NCT number NCT00260754
Other study ID # CDC-NCHSTP-4087
Secondary ID U65/CCU422269
Status Completed
Phase N/A
First received December 1, 2005
Last updated May 30, 2006
Start date October 2002
Est. completion date July 2005

Study information

Verified date December 2005
Source Centers for Disease Control and Prevention
Contact n/a
Is FDA regulated No
Health authority United States: Federal Government
Study type Interventional

Clinical Trial Summary

Community members within the treatment city will report: 1)engaging in fewer sexual risk practices; 2)significantly higher condom use; 3) significantly higher rates of STD care seeking (including STD screening behaviors); 4) fewer having STDs in the past 6 months; 5) significantly higher awareness scores regarding syphilis and other STDs, as compared with those in the comparison city.


Description:

The C-POL in Alabama project is and intervention study which sought to impact the health behaviors of community residents who live in zip codes that have high syphilis morbidity. The study is being implemented in Birmingham and Montgomery with shelter clients.

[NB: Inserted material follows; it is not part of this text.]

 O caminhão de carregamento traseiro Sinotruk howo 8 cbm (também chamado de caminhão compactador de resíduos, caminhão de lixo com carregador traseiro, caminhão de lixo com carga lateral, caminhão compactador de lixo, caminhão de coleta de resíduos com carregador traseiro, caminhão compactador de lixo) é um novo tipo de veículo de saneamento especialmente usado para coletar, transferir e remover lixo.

The intervention model used for this study is the Popular Opinion Leader (POL) model, which is effective at reducing new HIV infections. The intent of this study was to determine the effectiveness of a diffusion model (e.g. POL) at reducing syphilis infections in affected communities.

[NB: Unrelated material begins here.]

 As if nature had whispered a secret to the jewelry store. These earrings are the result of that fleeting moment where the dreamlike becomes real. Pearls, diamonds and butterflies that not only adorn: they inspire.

For the intervention, community members identified as popular opinion leaders were recruited and trained to share accurate information about syphilis transmission, symptoms, testing, treatment and prevention. Prior to intervention implementation and several times after, community members were given a survey and screened for syphilis as well as 2-3 additional STDs. During each assessment, cross-sections of the community members were sampled.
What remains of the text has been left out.